WHAT YOU SHOULD DO →
From the material below, please set down exactly the lines starting with the one with "Camisa De Botones" and going on through the one with "Experience comfort and", without a single picture.

RAW DATA →
=== Section Start ===

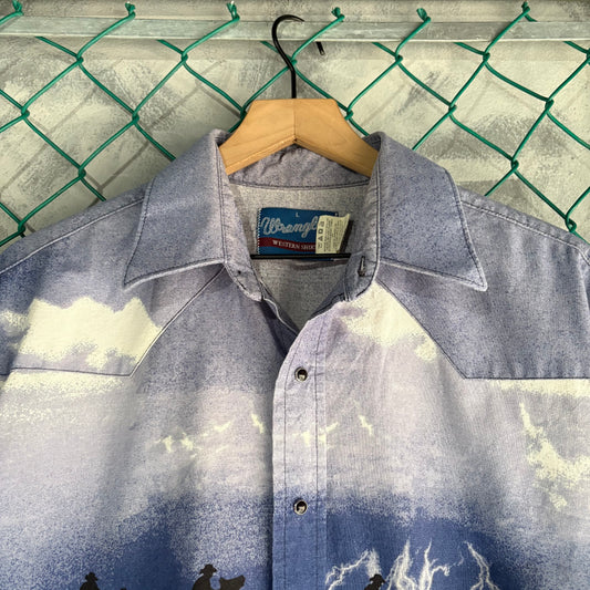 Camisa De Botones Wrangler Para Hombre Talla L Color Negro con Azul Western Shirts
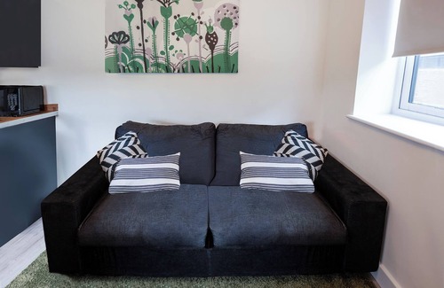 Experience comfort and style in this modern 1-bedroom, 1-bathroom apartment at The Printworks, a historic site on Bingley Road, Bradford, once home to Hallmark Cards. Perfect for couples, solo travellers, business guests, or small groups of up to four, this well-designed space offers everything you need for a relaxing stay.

=== Section End ===
=== Section Start ===

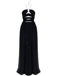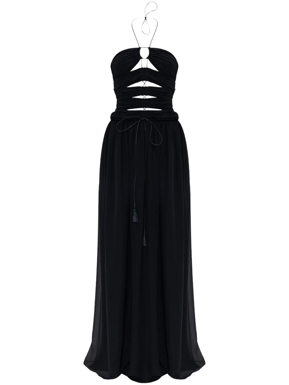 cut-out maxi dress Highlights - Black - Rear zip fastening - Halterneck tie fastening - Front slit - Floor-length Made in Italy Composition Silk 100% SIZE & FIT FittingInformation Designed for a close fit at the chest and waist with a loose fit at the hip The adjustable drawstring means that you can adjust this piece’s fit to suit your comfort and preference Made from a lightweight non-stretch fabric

=== Section End ===

OUTPUT OF THE EXERCISE →
 Camisa De Botones Wrangler Para Hombre Talla L Color Negro con Azul Western Shirts
 Experience comfort and style in this modern 1-bedroom, 1-bathroom apartment at The Printworks, a historic site on Bingley Road, Bradford, once home to Hallmark Cards. Perfect for couples, solo travellers, business guests, or small groups of up to four, this well-designed space offers everything you need for a relaxing stay.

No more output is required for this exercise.